FROM GASTROENTEROLOGY

A frameshift mutation in the CSF2RB gene that is common in Ashkenazi Jews has been linked to Crohn’s disease, according to a report in Gastroenterology.

The Ashkenazi Jewish population has a four- to sevenfold higher prevalence of Crohn’s disease than does the general population. To identify possible genetic mutations associated with the disease, researchers performed exome sequencing of samples from 1,477 Ashkenazi Jewish patients with Crohn’s disease and 2,614 Ashkenazi Jewish control subjects who didn’t have the disorder. All the study participants were enrolled at medical centers throughout North America, Europe, and Israel, noted Ling-Shiang Chuang, PhD, a postdoctoral fellow in genetics and genomic sciences, Mount Sinai Medical Center, New York, and his associates.

They genotyped 224 frameshift mutations and identified one in the colony-stimulating factor 2–receptor beta common subunit (CSF2RB) gene that was significantly associated with Crohn’s disease. They validated this association in a replication cohort of 1,515 Ashkenazi Jewish patients with Crohn’s disease and 7,052 health Ashkenazi control subjects, observing nearly identical allele frequencies and odds ratios as in the discovery cohort.

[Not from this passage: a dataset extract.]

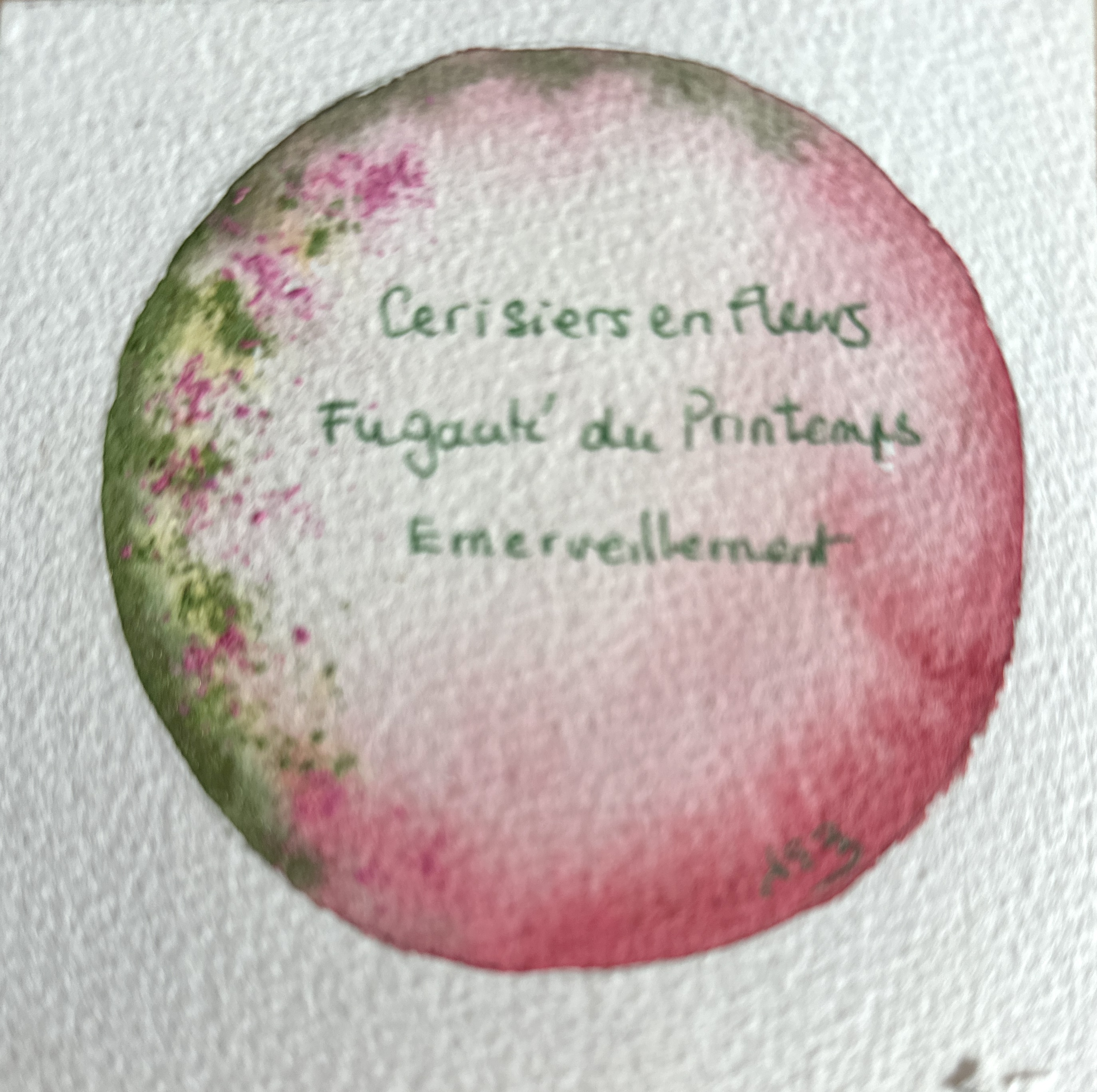 J"ai écrit des haïkus que j'ai mis en couleur par l'aquarelle en revenant de ma résidence au Japon dont certains seront dans mon livre.

Since the CSF2RB gene encodes for the receptor for GM-CSF (granulocyte-macrophage colony-stimulating factor) cytokines, the mutation would be expected to reduce GM-CSF signaling in monocytes obtained from carriers. The investigators found this was true when they examined monocytes taken from intestinal-tissue samples and peripheral-blood samples from affected patients.

“The present findings of a loss-of-function frameshift variant in the CSF2RB gene argue for a primary pathogenic role of decreased GM-CSF signaling in driving a subset of Crohn’s disease cases. As many as 30% of cases have increased levels of anti-GM-CSF antibodies, which can neutralize GM-CSF activity, indicating that impaired GM-CSF signaling plays a major role in Crohn’s disease,” Dr. Chuang and his associates wrote (Gastroenterol. 2016;151:710-23.e2. doi: 10.1053/j.gastro.2016.06.045 ).

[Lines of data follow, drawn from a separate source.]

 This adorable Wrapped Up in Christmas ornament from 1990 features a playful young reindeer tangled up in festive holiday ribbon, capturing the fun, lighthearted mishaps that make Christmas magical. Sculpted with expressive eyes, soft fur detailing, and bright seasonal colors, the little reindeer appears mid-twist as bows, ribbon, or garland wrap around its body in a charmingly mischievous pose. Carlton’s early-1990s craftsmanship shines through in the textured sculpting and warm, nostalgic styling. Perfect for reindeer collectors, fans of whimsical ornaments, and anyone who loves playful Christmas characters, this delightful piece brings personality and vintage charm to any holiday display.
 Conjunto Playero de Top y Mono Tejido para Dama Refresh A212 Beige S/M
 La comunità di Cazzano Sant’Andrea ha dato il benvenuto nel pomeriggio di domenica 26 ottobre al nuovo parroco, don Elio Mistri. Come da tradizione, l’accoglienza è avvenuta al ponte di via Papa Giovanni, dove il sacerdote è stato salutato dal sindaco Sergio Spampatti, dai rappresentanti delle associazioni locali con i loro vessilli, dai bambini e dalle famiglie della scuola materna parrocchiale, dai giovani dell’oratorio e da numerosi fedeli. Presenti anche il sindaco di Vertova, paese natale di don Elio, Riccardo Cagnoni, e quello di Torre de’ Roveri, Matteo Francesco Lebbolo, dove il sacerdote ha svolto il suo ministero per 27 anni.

Future research may identify subgroups of Crohn’s patients in which treatments that target GM-CSF signaling may be effective, and it may also point the way to novel therapies for the broader population of patients with Crohn’s disease, they added.

This study was supported by the National Institutes of Health, the Inflammatory Bowel Disease Genetics Consortium, the Genetic Research Center at Mount Sinai Medical Center, New York’s Crohn’s Foundation, and several others. Dr. Chuang and his associates reported having no relevant financial disclosures.